El convento de Santana.
1 Marzo 2025 San Félix
Murcia, sábado, sin novedad en la casa. Te cuento hechos fidedignos del…
21 septiembre 1984.- Sole ha venido con nosotros al chalé. Es una mujer encantadora, dulce, inteligente. Tiene el don de saber agradar. Es femenina. Las personas que son como Soledad Espuche se acogen con agrado donde quiera que vayan.
Lo que ven está maravillosamente bien. Lo que se les ofrece lo aceptan como lo mejor. Un aplauso para mi amiga. ¿Se llama mundología a esta virtud? ¿Es innato en estas personas? Sole, soltera, ha viajado mucho. Creo que ha visitado Francia, Italia, Suiza, Alemania…
Los viajes dejan su impronta y su distinción, pero quizás que todos los que viajan no son así. Es la persona y el viaje quizás. Tratar con gente, sí, ver países curten lo suyo. Es algo así como la pátina del tiempo en libros y otros objetos: dan valor y los recubren de vejez, que los demás aprecian.
Ellos no lo ven, quizás, pero los otros sí lo admiran. El trato con personas de otras latitudes y los paisajes variopintos de alejadas tierras se funden con uno, se amalgaman. Sole sabe estar. Su mirada es inteligente y habla desde arriba con toda clase de gentes.
Yo admiro a estas mujeres que saben agradar. Nos conocimos en el Colegio de San Andrés de Murcia hace tres años. Luego hemos ido juntos a Andorra, a Salou y a otras ciudades. Siempre la veo igual: alegre, jovial, agradable.
Lo que digo: es esta clase de personas que saben estar con todos, porque les hace sentirse cómodos con ella.
Francisco Tomás Ortuño
22 septiembre 1984.- Sábado espléndido. La noticia me la dieron temprano: al hermano del practicante le han pegado un tiro en la puerta de su casa. Trágico. ¿Cómo ocurren estas cosas en Jumilla? Se oye decir en la tele o se lee en los periódicos y uno piensa que eso no es posible que ocurra de verdad.
“Cosas de películas”, decimos, pero que te digan que ha pasado aquí, esta mañana, a una persona que conoces, parece imposible. La vida se ha complicado mucho. El oeste americano con pistoleros y peleas parecen nuestros pueblos. Una pena.
Dicen que el individuo esperó algún tiempo a que saliera para dispararle a bocajarro. Luego se entregó a la policía sin resistencia. Obró con pleno conocimiento de lo que hacía. Como digo la vida hoy es difícil. Las situaciones violentas se repiten.

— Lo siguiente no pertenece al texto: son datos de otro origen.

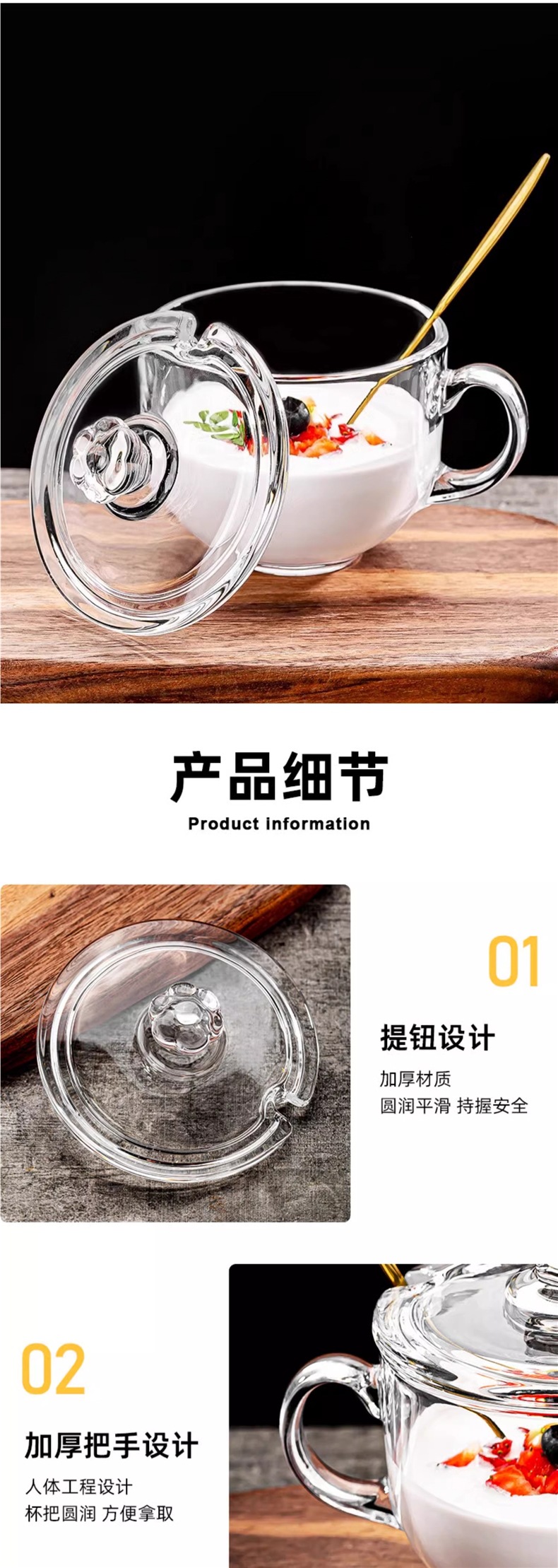 470ml无铅早餐杯(2只)+玻璃盖(2只)+金色勺子(2只)

¿De quién es la culpa? De todos y de nadie. Es la sociedad complicada, los múltiples problemas sociales, el paro, los hijos, las tensiones, las relaciones humanas cada vez más encontradas y tensas… Todo contribuye a que estas situaciones se den.
Una víctima más de nuestra sociedad, una familia más destrozada. Los gobiernos, a veces, provocan situaciones desesperadas, situaciones límite, enfrentamientos y homicidios como el de hoy. “Yo no te pago”. “Pues te llevo a los tribunales”. “Pues me da igual”.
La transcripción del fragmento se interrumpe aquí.